Hello, OptiMIST People!
Back at it again with KaMIST! Your weekly dose of insights into the latest marketing trends. In this week’s KaMIST we’ll dive into marketing in a sustainable world.
Do you think today’s marketing is compatible with a sustainable future?
As we all know today, many brands have taken a big step in becoming more sustainable, especially in their production process. With more companies starting to swap their old nonrenewable and non-eco-friendly materials for recycled and renewable materials. However, a number of marketing concepts many companies use are drifting us further from the noble goal brands are striving to achieve in the first place.
The global Chief Marketing Officer of Dole Sunshine Company, Rupen Desai, argues that many marketing strategies such as premiumization, upsizing, mass consumption, and profit above all else are “incompatible” with a sustainable future. He explains how premiumization, which often means using more packaging to charge higher prices to consumers, and upsizing, a marketing tactic to make consumers feel like they’re getting a good deal by encouraging people to buy more products in larger serves, are both damaging for the planet and the company’s sustainability efforts itself.
Desai stated that 21st century marketing gives meaning to desire, gives wants, and creates needs. An example of this is how a pair of jeans can be a symbol of liberation, the newest phone model can help you raise your status. It’s almost telling the world that to be happy, you need to consume more.
Taide Guajardo, Brand Senior Vice President Europe from P&G, has a different opinion. According to him, brands have made their marketing suitable for a sustainable world. P&G has made significant strides in its supply chain and operations which is reflected in its business marketing activities. P&G together with National Geographic Creative Works once launched a campaign to lower the temperature of washing water to reduce greenhouse gas emissions. With communications and campaigns, marketing has an ‘exceptional power’ in the modern and sustainable business world.

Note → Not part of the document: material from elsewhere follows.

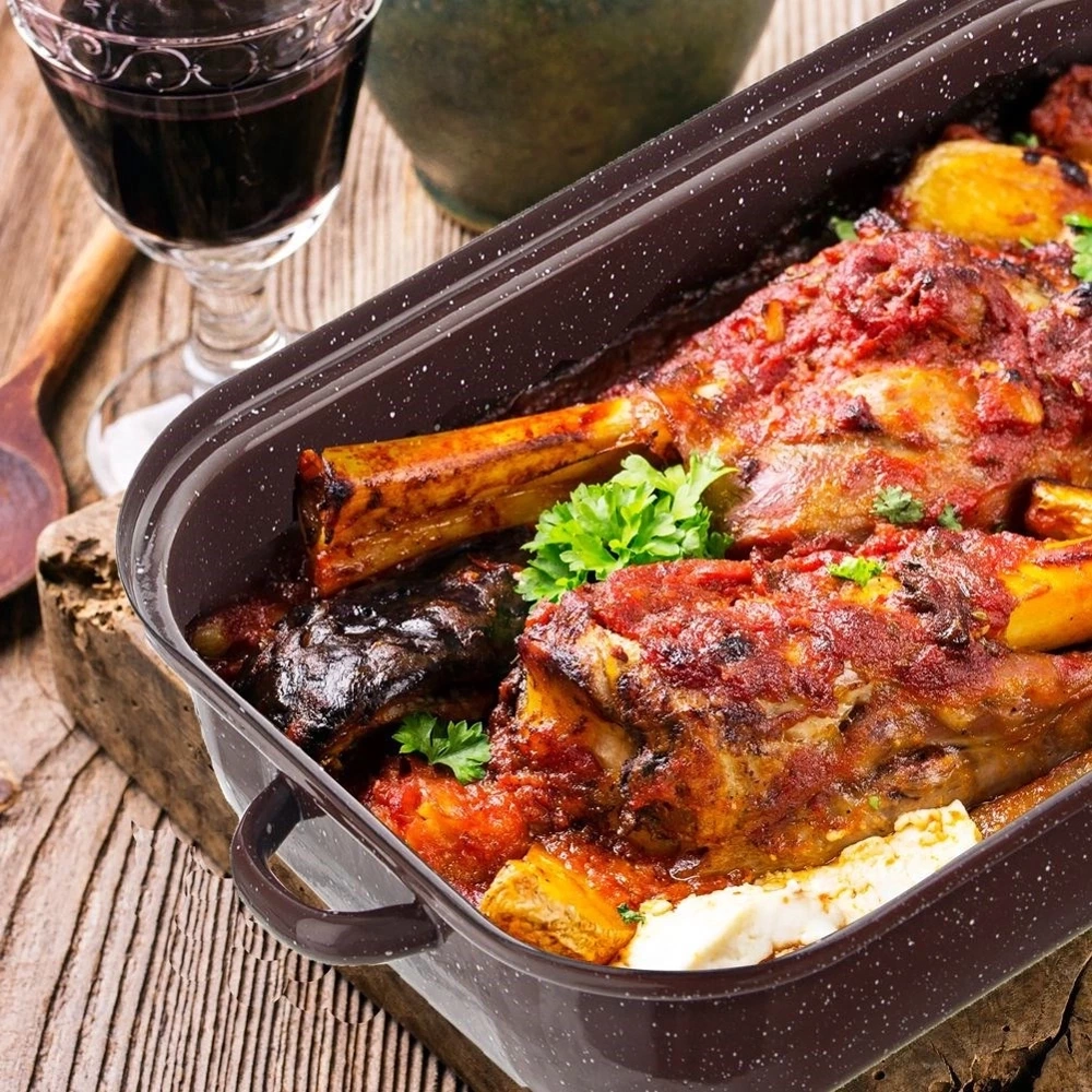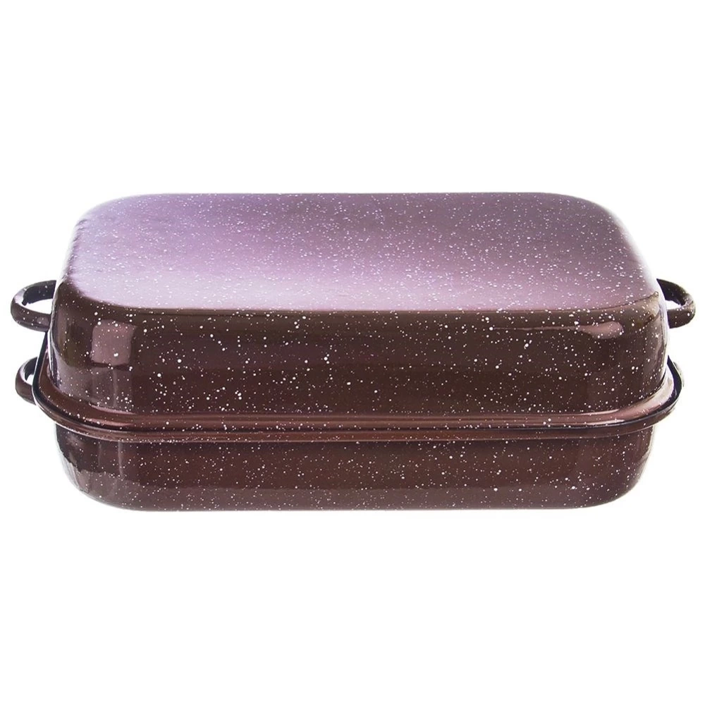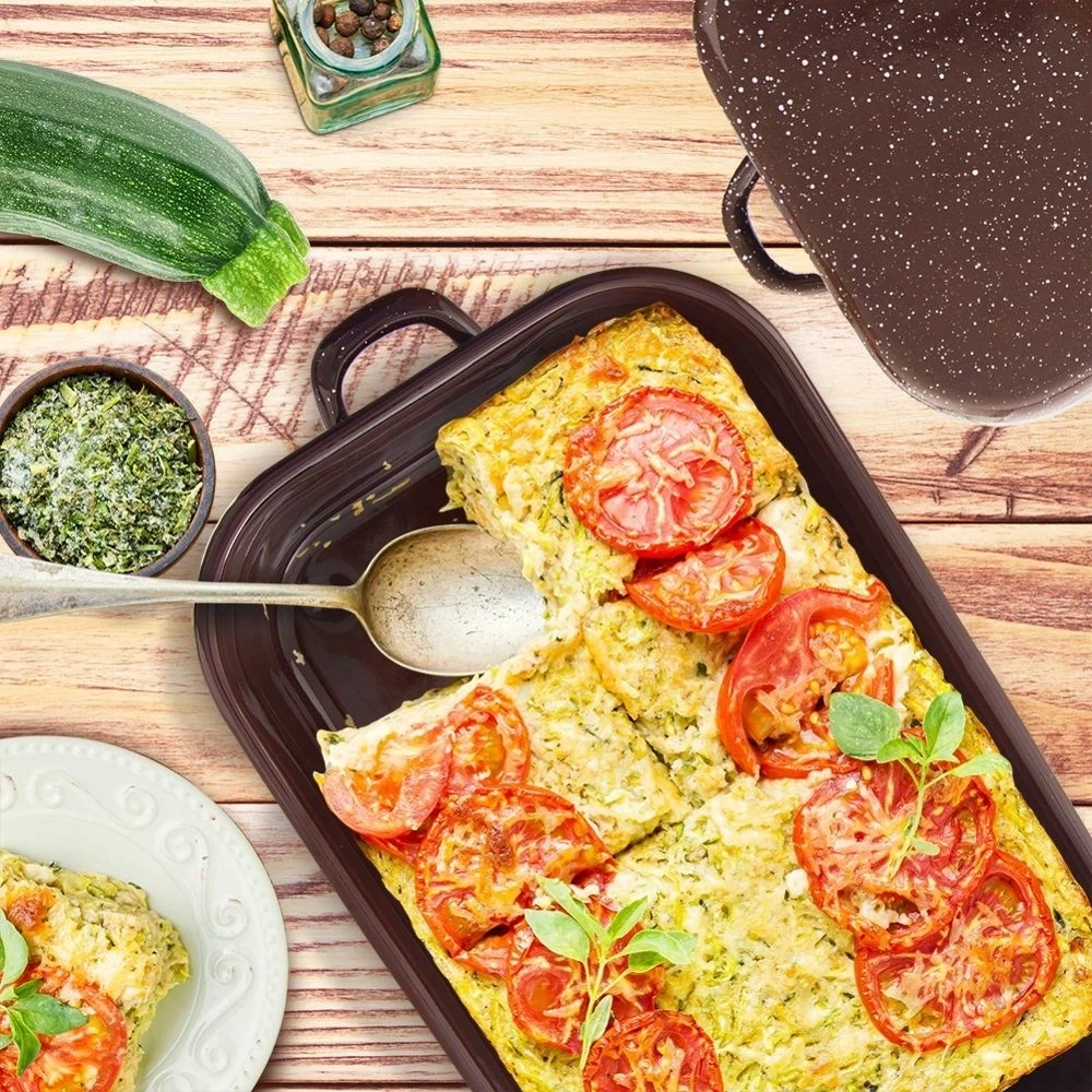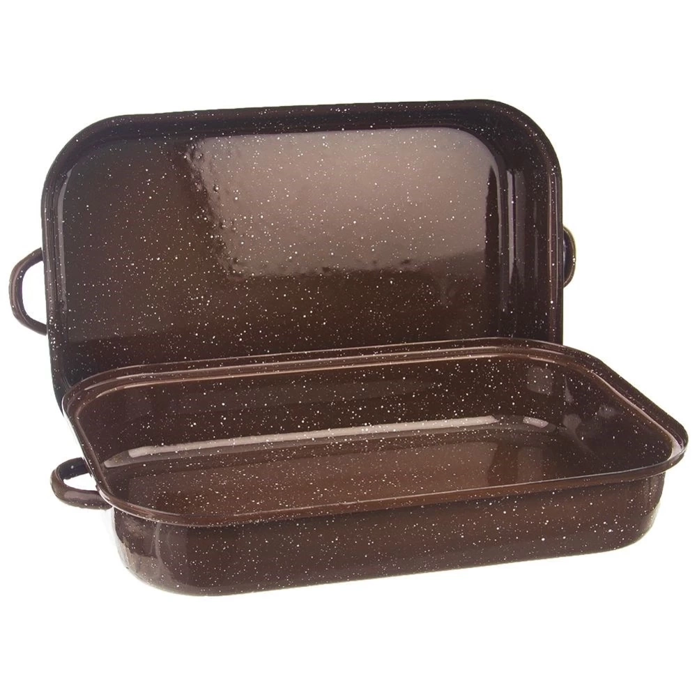 - Brytfanna wykonana ze stali emaliowanej. Świetnie sprawdzi się do pieczenia oraz serwowania potraw. Posiada zdejmowaną pokrywkę, która pełni rolę naczynia. Wyposażona w uchwyty.

This statement was again challenged by Desai by looking at the business reality, which turns out that we have not been able to answer all the challenges now. The ‘exceptional power’ of modern and sustainable business will emerge when business is closer to people, planet, and prosperity that depend on each other. Ultimately, the majority of marketers agree that today’s marketing is incompatible with a sustainable future.
What do you think? Does today’s marketing have the ‘exceptional power’ to actualize marketing in a sustainable world?